Fuel load estimation in Savanna ecosystems in Mozambique

Mangue PD

Titre : Fuel load estimation in Savanna ecosystems in Mozambique

Auteur : Mangue PD

Université de soutenance : University of the Witwatersrand

Grade : Master of Science (MS) 1998

Empirical models for five fuel load categories, namely standing live and dead grass and forbs, tree and grass litter on the ground, twigs (<1 cm diameter), large-diameter dead woody (twigs > 1 cm diameter) and shrubs were developed using multiple regression analysis. Thirty-five data sites out of fifty from Mozambique (10), Zambia (10), Zimbabwe (10) and, South Africa (20) were used for construction of the models and the remaining data were used for validation.

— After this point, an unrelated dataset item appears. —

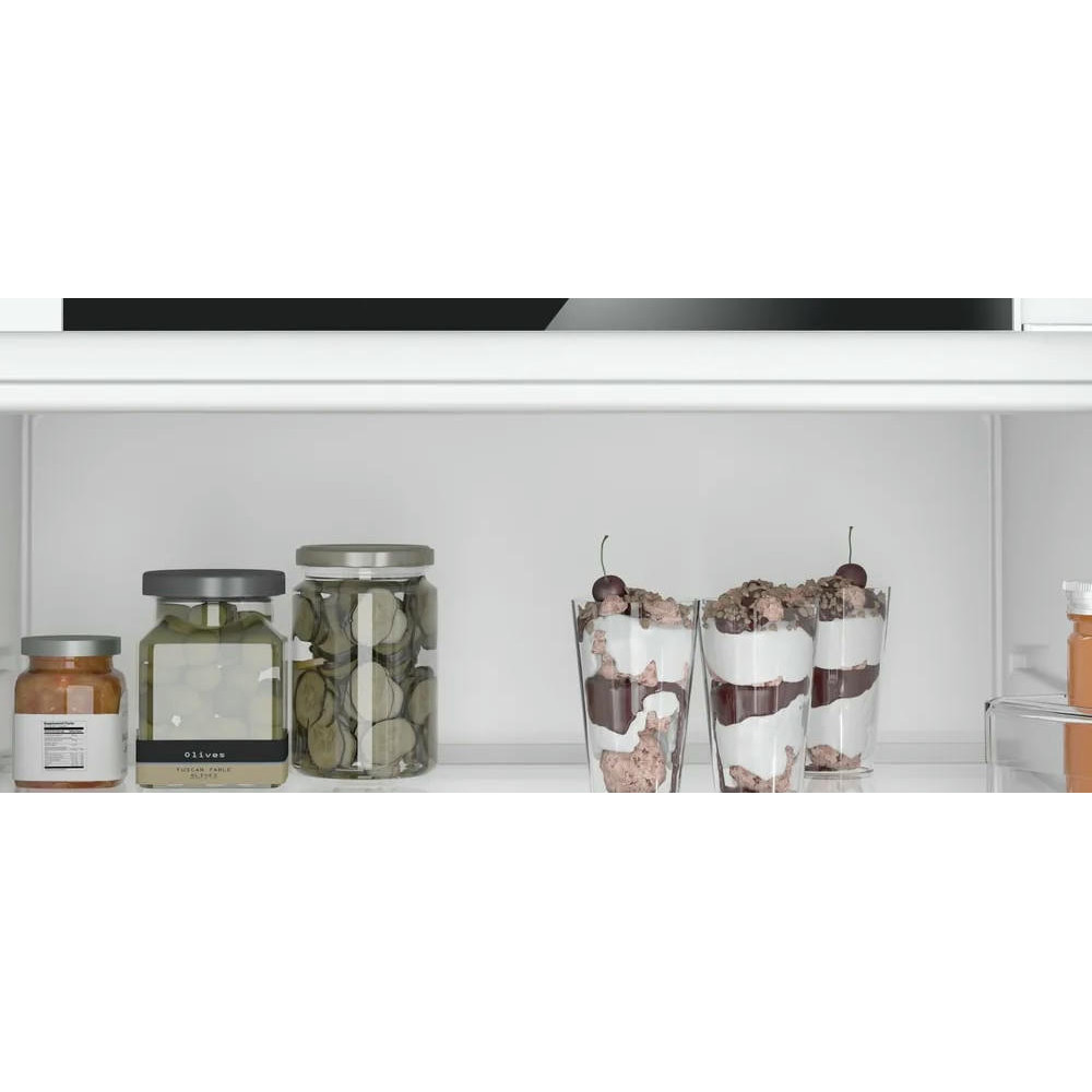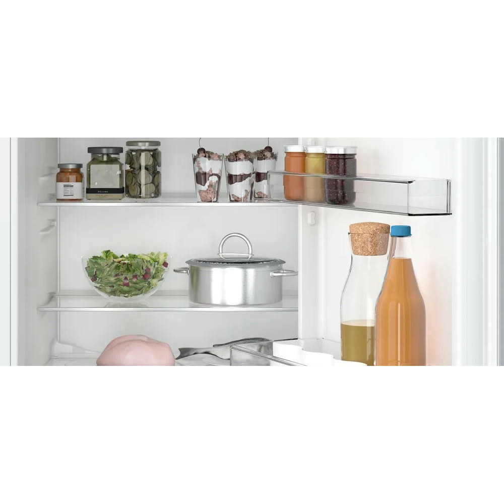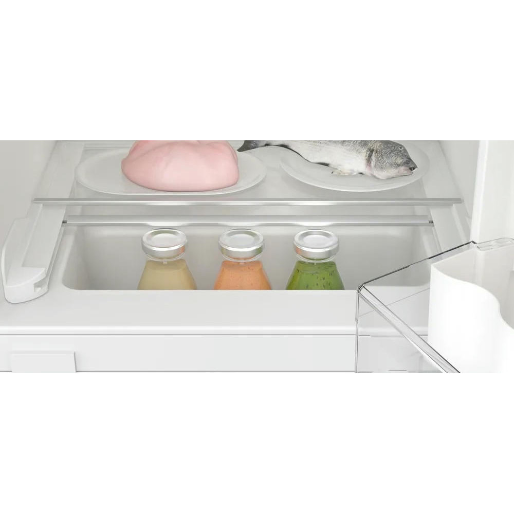 Встраиваемый однокамерный холодильник Bosch KUR21VFE0 выполнен в строгом белом цвете, который легко вписывается в современную кухонную мебель и обеспечивает визуальную чистоту рабочей зоны. Компактные габариты (высота 82 см, ширина 59.8 см, глубина 54.8 см) и точные размеры ниши для монтажа (82–90 x 60 x 55 см) делают прибор удобным для интеграции в ограниченное пространство, а возможность перенавешивания двери добавляет гибкости при планировке интерьера и позволяет адаптировать направление открывания к расположению корпуса. Правый дверной упор поставляется по умолчанию, но при необходимости его легко изменить, что расширяет варианты установки в шкафу. Невысокая масса нетто 28.6 кг облегчает транспортировку и монтаж, а длина сетевого кабеля 1.6 м обеспечивает удобное подключение в стандартных условиях.

The models developed, although empirical, do suggest which aspects of the underlying biology are important in controlling fuel loads. Standing grass fuels, litter and twigs fuels are all predicable, with coefficients of determination of between 15 and 48%, from annual rainfall and tree basal area. The data in Mozambique were collected in two different edaphic-climatic regions ; one in moist/dystrophic savanna in August/1996 at Sussundenga and other in dry/eutrophic savanna in September/1996 at Mabalane. Standing live and dead grass and forbs, tree and grass leaf litter on the ground and twigs (1 < cm diameter) at 10 m intervals were sampled using one 100 m transect. Measurements were made also for large-diameter dead woody fuel, tree and shrub basal area, canopy cover and shrub volume. The data from other southern African sites were collected in 1994, 1995 and 1996, during the dry season using the same method. Litter and twigs constituted a large component of fuel load in Mabalane, representing 52 and 37% respectively, whilst in Sussundenga, grass, litter and twigs were evenly distributed. The total above ground fuel load in moist/dystrophic savanna (Sussundenga) was greater (690 g/m2) than that from arid/eutrop’hic savanna (470 g/m2). The models were extrapolated to the entire surface area of Mozambique. The calculated total aboveground fuel load estimated for Mozambique was 397.2 million tons. If all this fuel burned once every three years, the output of trace gases would be 40 Tg/yr of C02, 59 Gg/yr of CH4,1.6 Tg/yr of CO, 76 Gg/yr of NOx and 3.7 Gg/yr of N20.